The message of the game, therefore, is at once simple and difficult to grasp. It is to do things as well as possible, day by day, goose by goose; only such continuity can guarantee ultimate wisdom and perfection.
But let’s go back to the beginning and remember that the Game of the Goose can also be the description of a life, for example, the life of a Basque writer born in 1951.
And, of course, one notices coincidences the moment one looks at the board. Because a modern-day Basque writer, that is, a writer who began writing in euskera sometime in the seventies, bears a striking resemblance to that adolescent who appears on the first of the sixty-three squares on the board and who has as his only baggage a bundle.
Those of us who are just beginning to be translated into other languages, set off with very little baggage. We looked into our bundle and found only five, at most ten, books written in the language we were trying to write in. I read Gabriel Aresti when I was twenty; three years later, by the time I was twenty-three, I had read all the Basque literature that the dictator had not managed to burn.
This does not mean — as has so often been said — that we had no tradition, unless one is using the word tradition in some ancient, obsolete sense. Because, as we know, nowadays, in the middle of the twentieth century — and this is one of the characteristics of the modern age — the whole of the literary past, be it from Arabia, China, or Europe is at our disposal; in shops, in libraries, everywhere. Thus any writer is free to create his own tradition. He can read The Arabian Nights one day and Moby Dick or Kafka’s Metamorphosis the next… and those works, the spirit that they communicate, will immediately pass into his own life and work as a writer.
These days nothing can be said to be peculiar to one place or person. The world is everywhere and Euskal Herria is no longer just Euskal Herria but — as Celso Emilo Ferreiro would have said—“the place where the world takes the name of Euskal Herria.”
So I would never say that we present-day Basque writers lack a tradition; I would say that what we lacked was an antecedent, that we lacked books from which we could learn to write in our own language. Tom Thumb never passed our way and so we had no trail of bread crumbs to lead us back home.
This is a matter of some importance, and one which, as many will have guessed, has to do with literary language. Because, naturally, to write is an artificial act and that artifice, which is literary language, is something that develops over time and through the labors of many people, adapting itself to the expressive needs of each age.
One of the consequences of those labors is, to give one example, the invisibility of certain words. When a reader reads a novel with a lot of dialogue, he probably doesn’t even see the constant repetition in the text of “he said,” “he replied,” and “he retorted.” The words are there but the same thing happens with them as happens with the trees on his favorite walk: He has read the words so many times, he doesn’t even notice them.

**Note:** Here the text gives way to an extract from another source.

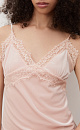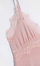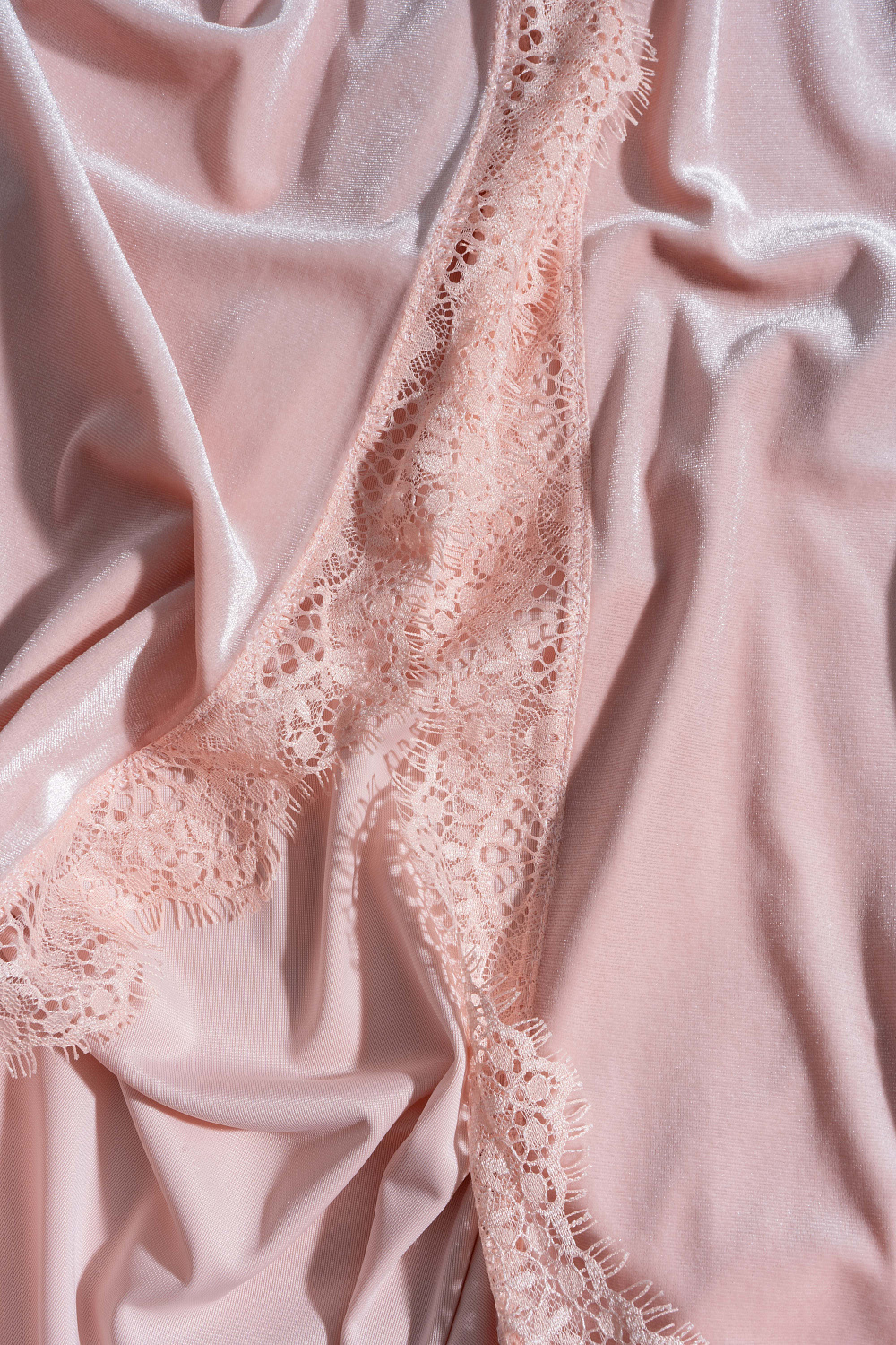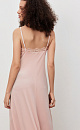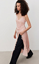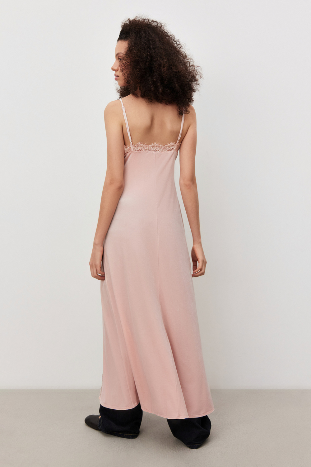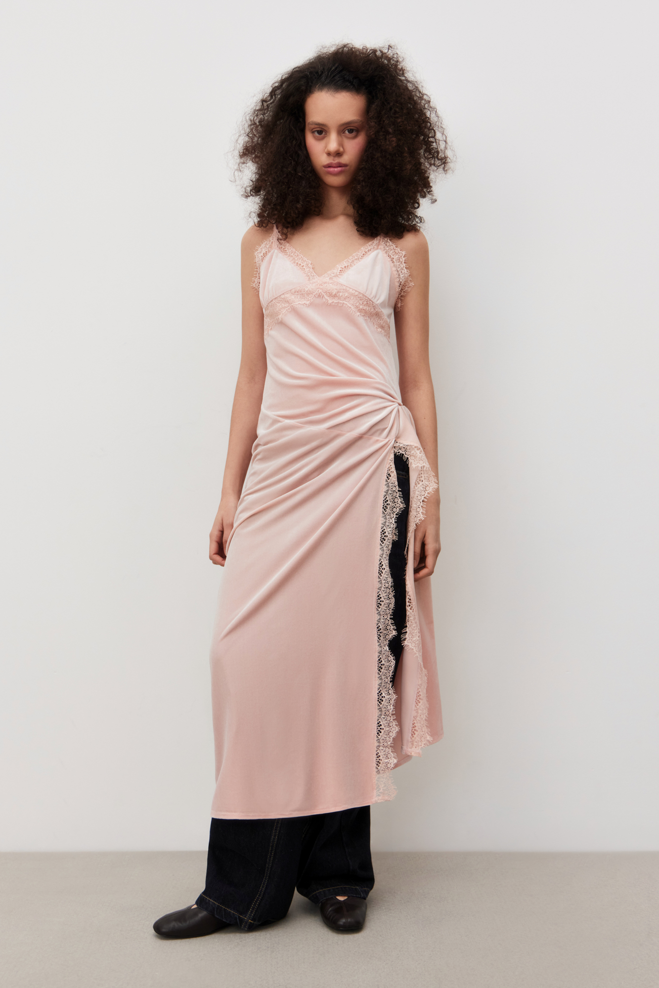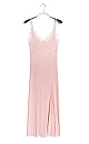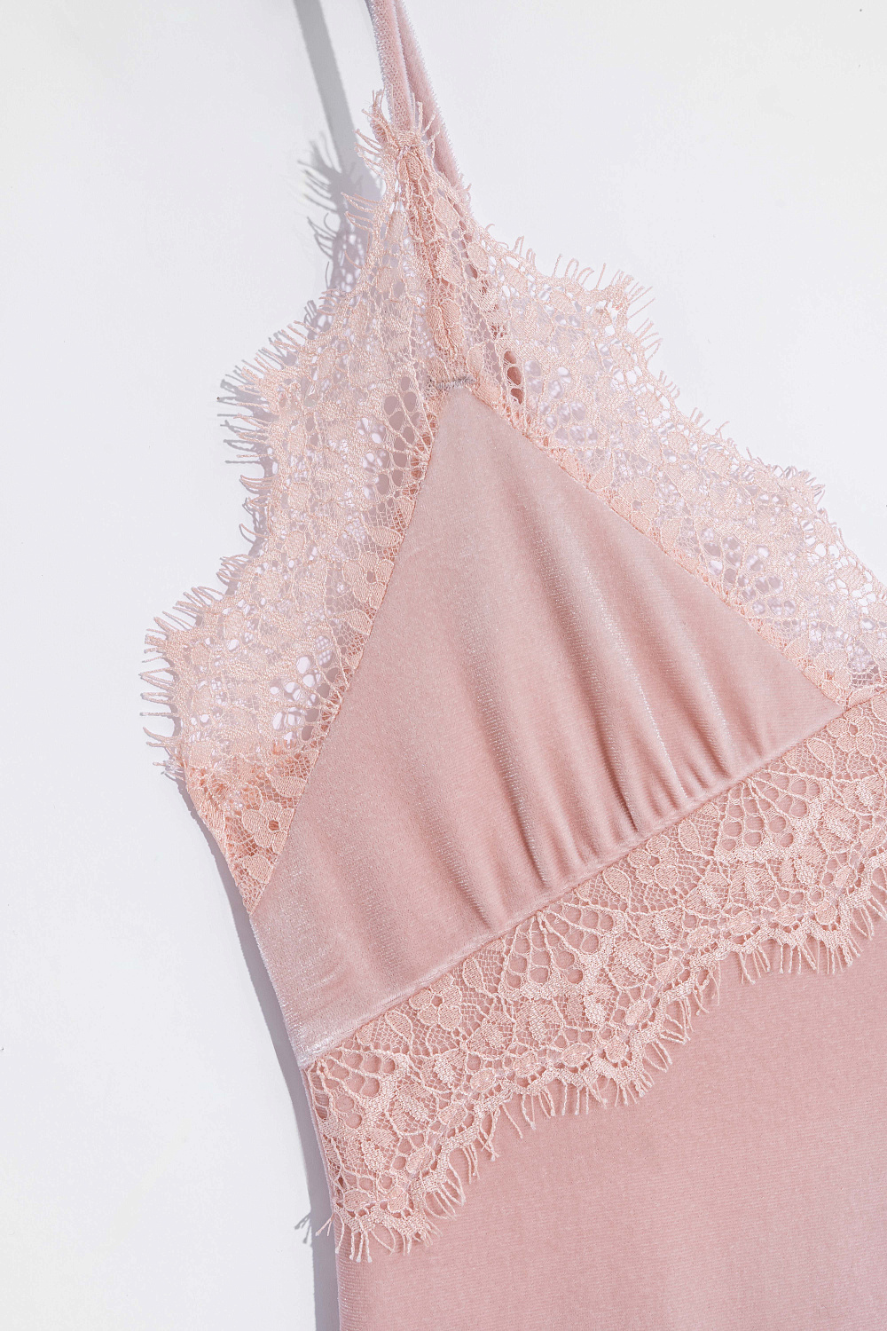 Maxi length slip dress in velvet viscose. The model has a fitted silhouette with thin straps and a high slit on the side. The product is decorated with lace.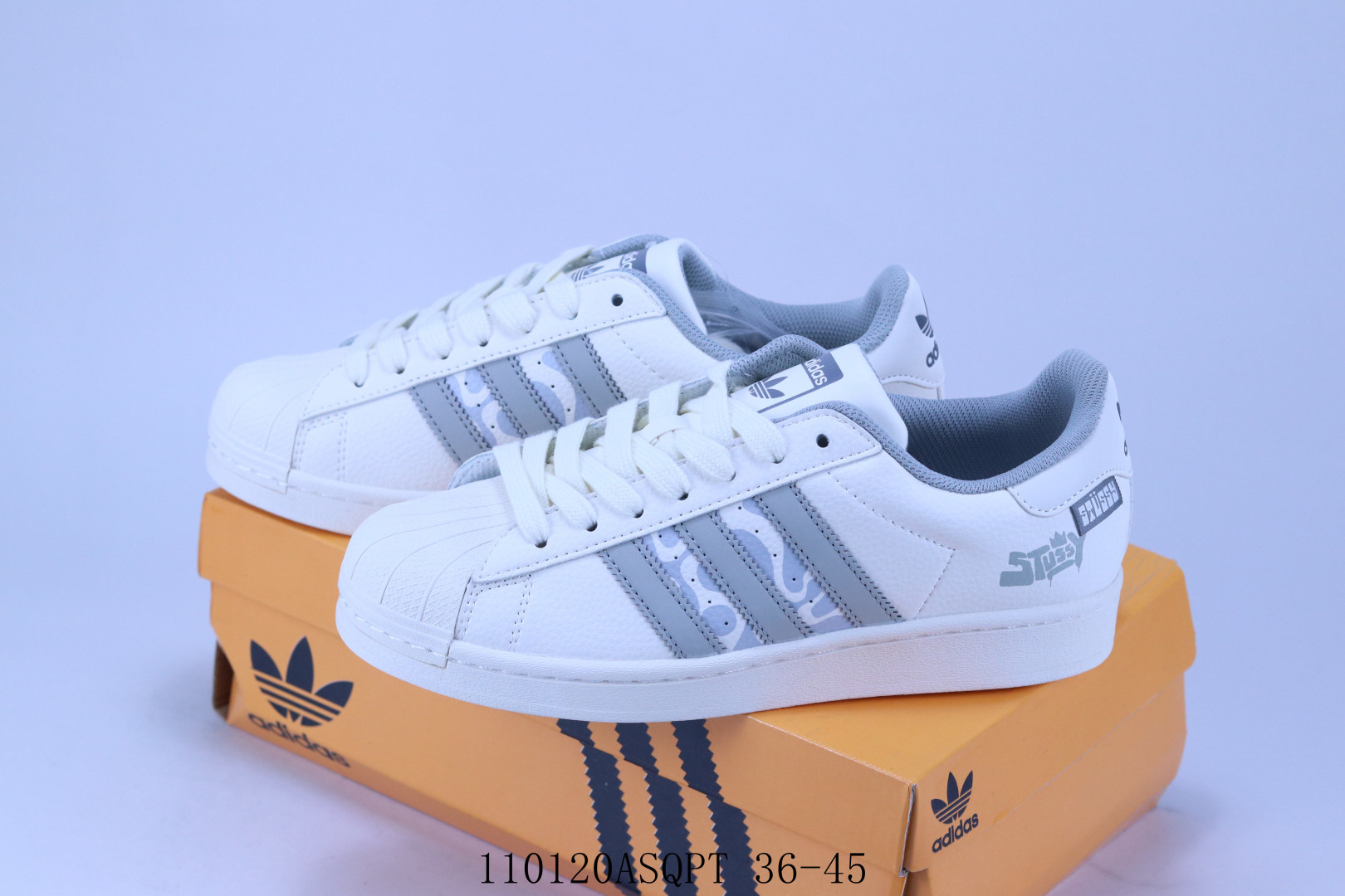 阿迪达斯adidas originals Superstar防滑耐磨轻便透气 低帮 贝壳头板鞋 斯图西 联名 110120ASQPT 36 45

Writing in euskera, I have no problems with “he said” ( esan ) or with “he replied” ( erantzun ) but I begin to have problems with “he retorted” ( arrapostu ) because this word is not familiar to the reader, because it’s a tree he recognizes but that, nonetheless, he has never seen on this particular walk. So the Basque writer knows that his reader will stop at that word, that it will be a stumbling block.